> **EXERCISE BRIEF**
What you return must match the listing exactly, with every image removed.

> **SOURCE DATA**
******

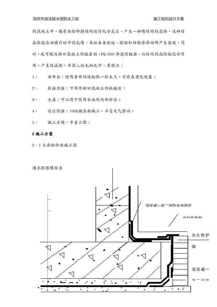 本站资深用户发布了最新的《{营销方案}某市市游泳池跳水馆防水施工方案》文档,以下内容为预览,详细内容可下载阅读。 声明:本站所有文章,如无特殊说明或标注,均为本站原创发布。任何个人或组织,在未征得本站同意时,禁止复制、盗用、采集、发布本站内容到任何网站、书籍等各类媒体平台。如若本站内容侵犯了原著者的合法权益,可联系我们进行处理。
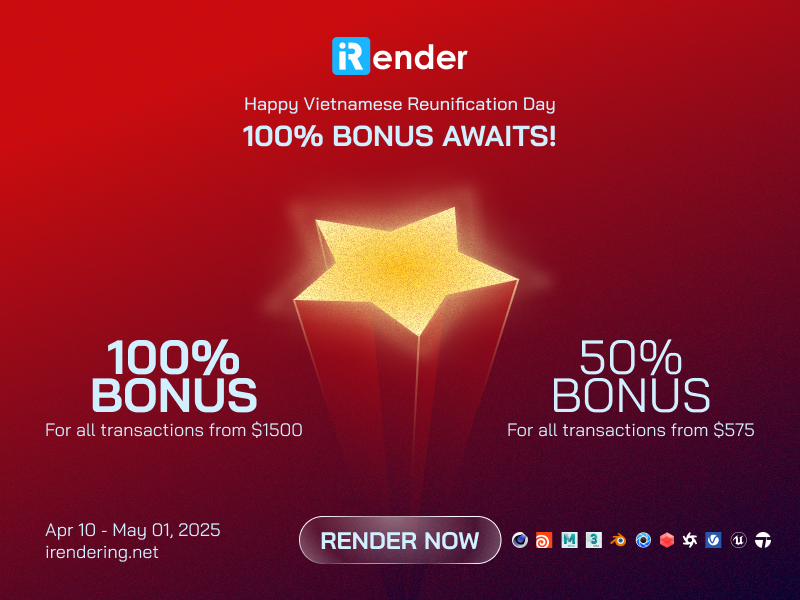 Right now iRender has a SPECIAL PROMOTION program with a 100% bonus for the first transaction within 24 hours of your registration. It means that you can get an extra 100% of the money you recharged the first time. And points never expire, so you can use them at any time. Moreover, we have the special promotion for this month:
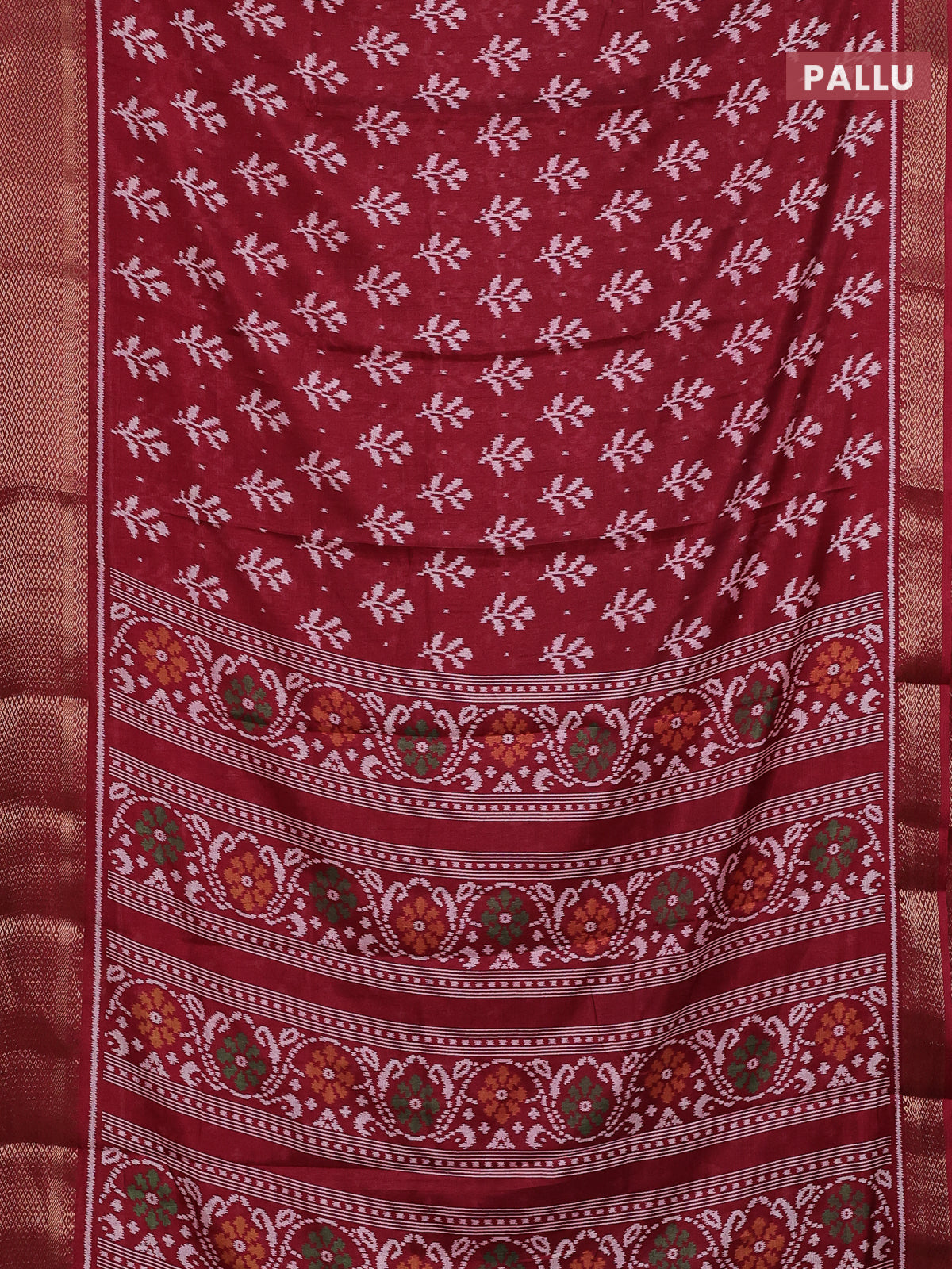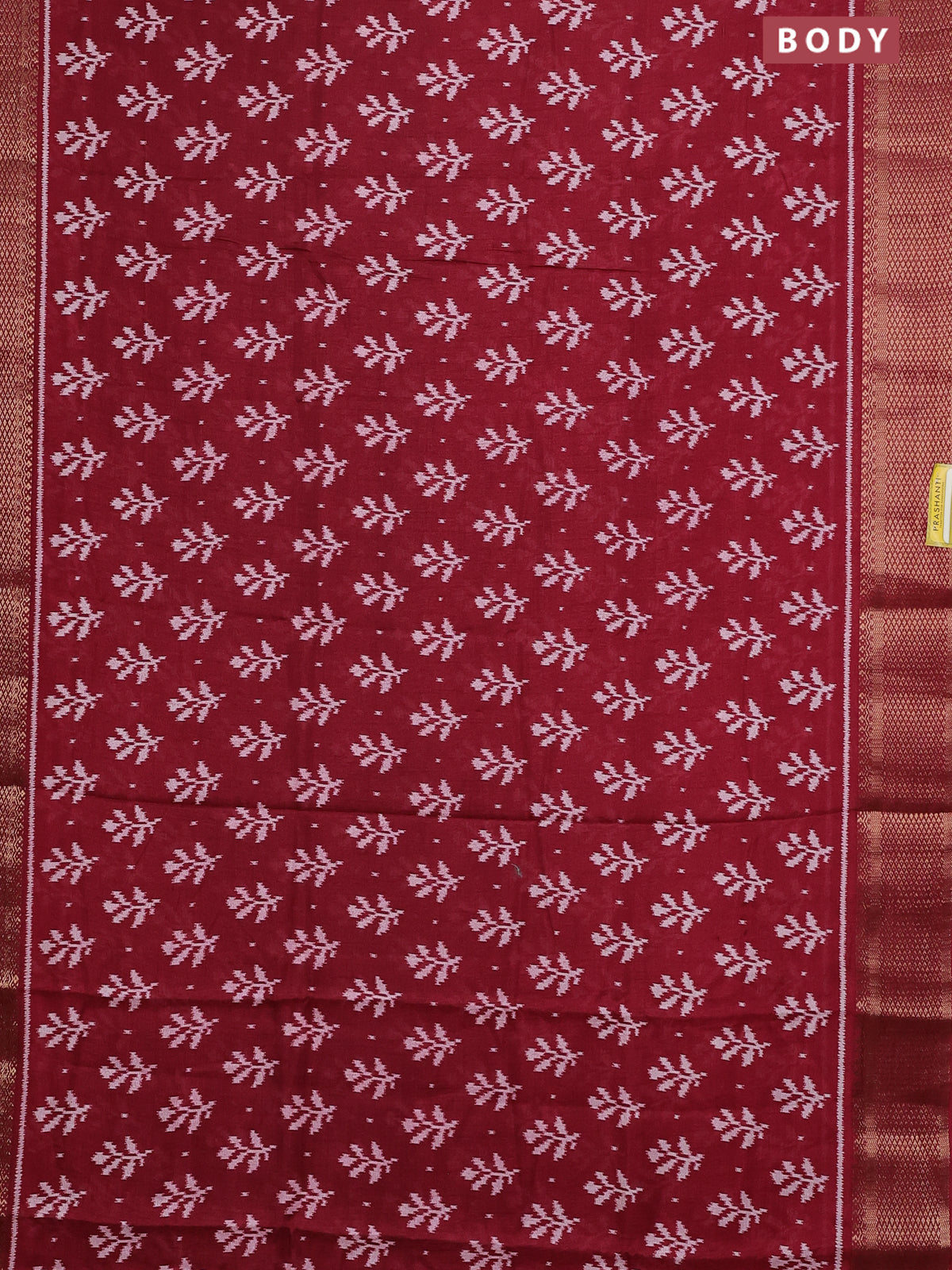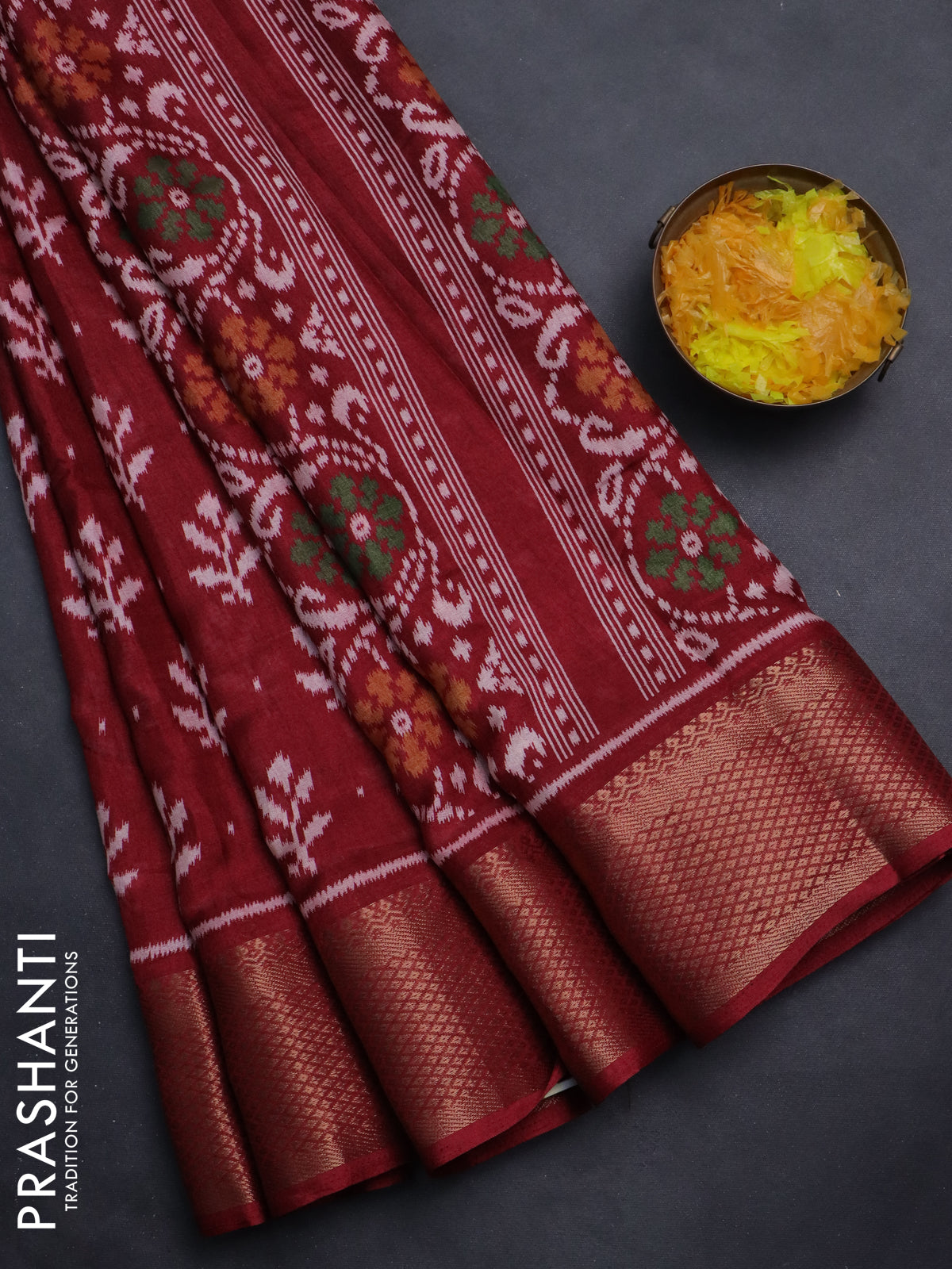 Semi dola saree maroon with allover ikat butta prints and zari woven border

******

> **EXERCISE OUTPUT**
 本站资深用户发布了最新的《{营销方案}某市市游泳池跳水馆防水施工方案》文档,以下内容为预览,详细内容可下载阅读。 声明:本站所有文章,如无特殊说明或标注,均为本站原创发布。任何个人或组织,在未征得本站同意时,禁止复制、盗用、采集、发布本站内容到任何网站、书籍等各类媒体平台。如若本站内容侵犯了原著者的合法权益,可联系我们进行处理。
 Right now iRender has a SPECIAL PROMOTION program with a 100% bonus for the first transaction within 24 hours of your registration. It means that you can get an extra 100% of the money you recharged the first time. And points never expire, so you can use them at any time. Moreover, we have the special promotion for this month:
 Semi dola saree maroon with allover ikat butta prints and zari woven border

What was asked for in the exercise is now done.